» **Task**
Begin with the first line below and retype each line exactly through the line containing "- Матеріал в". Any pictures are to be left out.
═══ Given information ═══
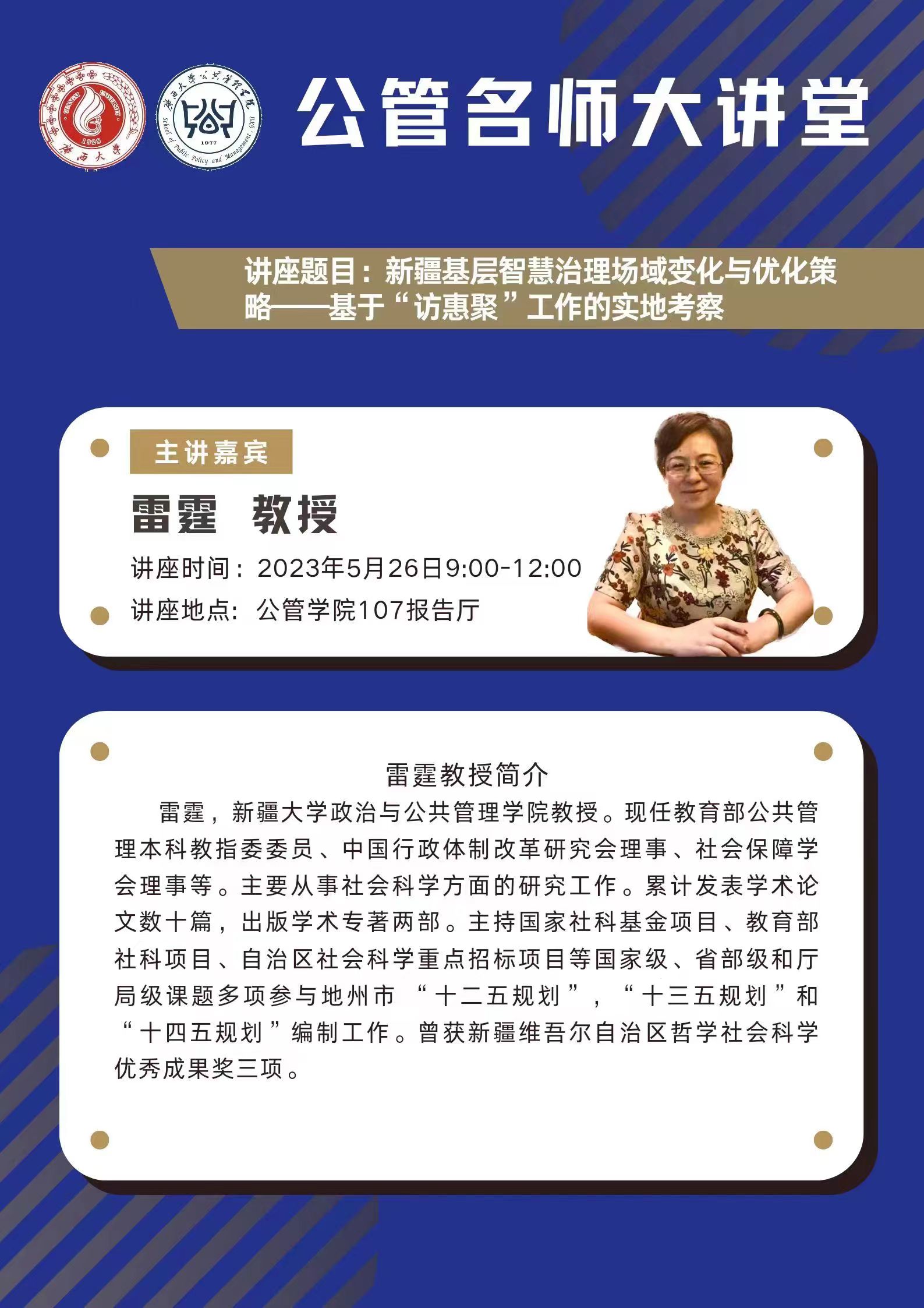 公管名师大讲堂:新疆基层智慧治理场域变化与优化策略——基于“访惠聚”工作的实地考察
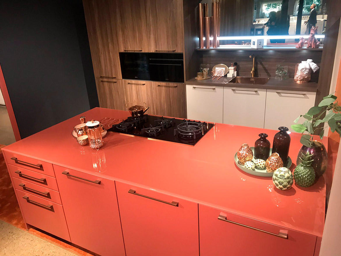 - Матеріал в дизайні можемо використовувати на фасади кухні, стільницю, пристінні панелі, підвіконня, стіни та підлогу. Такі можливості матеріалу надають дизайнерам потенціал в створенні любого інтер’єру не обмежуючи їх креативну концепцію.
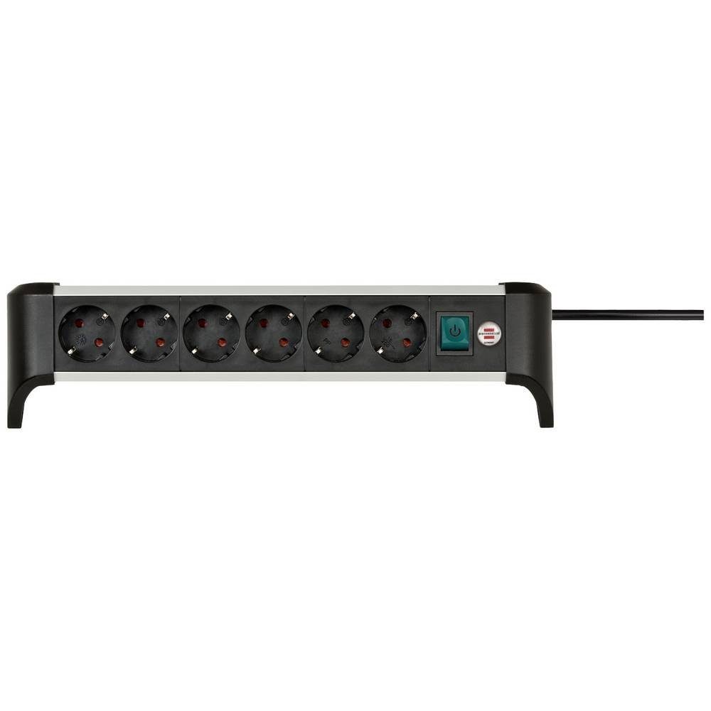 Eigenschaften | Betriebsspannung: 230 V · Einsatzort: Innenbereich · Funktionsanzeige: optisch · Herstellerfarbe: Silber-Schwarz · Kabel-Typ nach DIN/VDE: H05VV-F 3G 1,5 mm² · Kabellänge: 3 m · Material: Aluminium, Kunststoff · Montageart: Tisch · Netzstecker-Typ: Schutzkontakt · Produktabmessung, Breite: 105 mm · Produktabmessung, Höhe: 115 mm · Produktabmessung, Длина: 385 mm · Steckdosen-Anzahl: 6 · Steckdosenleisten-Besonderheiten: mit Schalter, erhöhter Berührungsschutz |
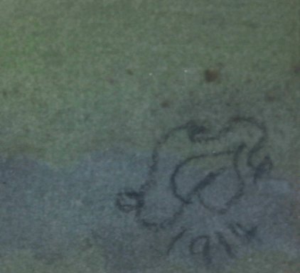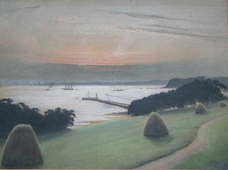 GOOD EARLY 20TH CENTURY PASTEL OF AN OCEANSIDE HARBOR SCENE WITH HAYSTACKS ALONG THE SHORE: Pastel, sight size is 13 3/4'' x 8 1/4'', artist's cipher lower right is indiscernible, dated 1914. Condition - Several areas of foxing, spotted staining, good overall.
═══
» **Solution to this task**
 公管名师大讲堂:新疆基层智慧治理场域变化与优化策略——基于“访惠聚”工作的实地考察
 - Матеріал в дизайні можемо використовувати на фасади кухні, стільницю, пристінні панелі, підвіконня, стіни та підлогу. Такі можливості матеріалу надають дизайнерам потенціал в створенні любого інтер’єру не обмежуючи їх креативну концепцію.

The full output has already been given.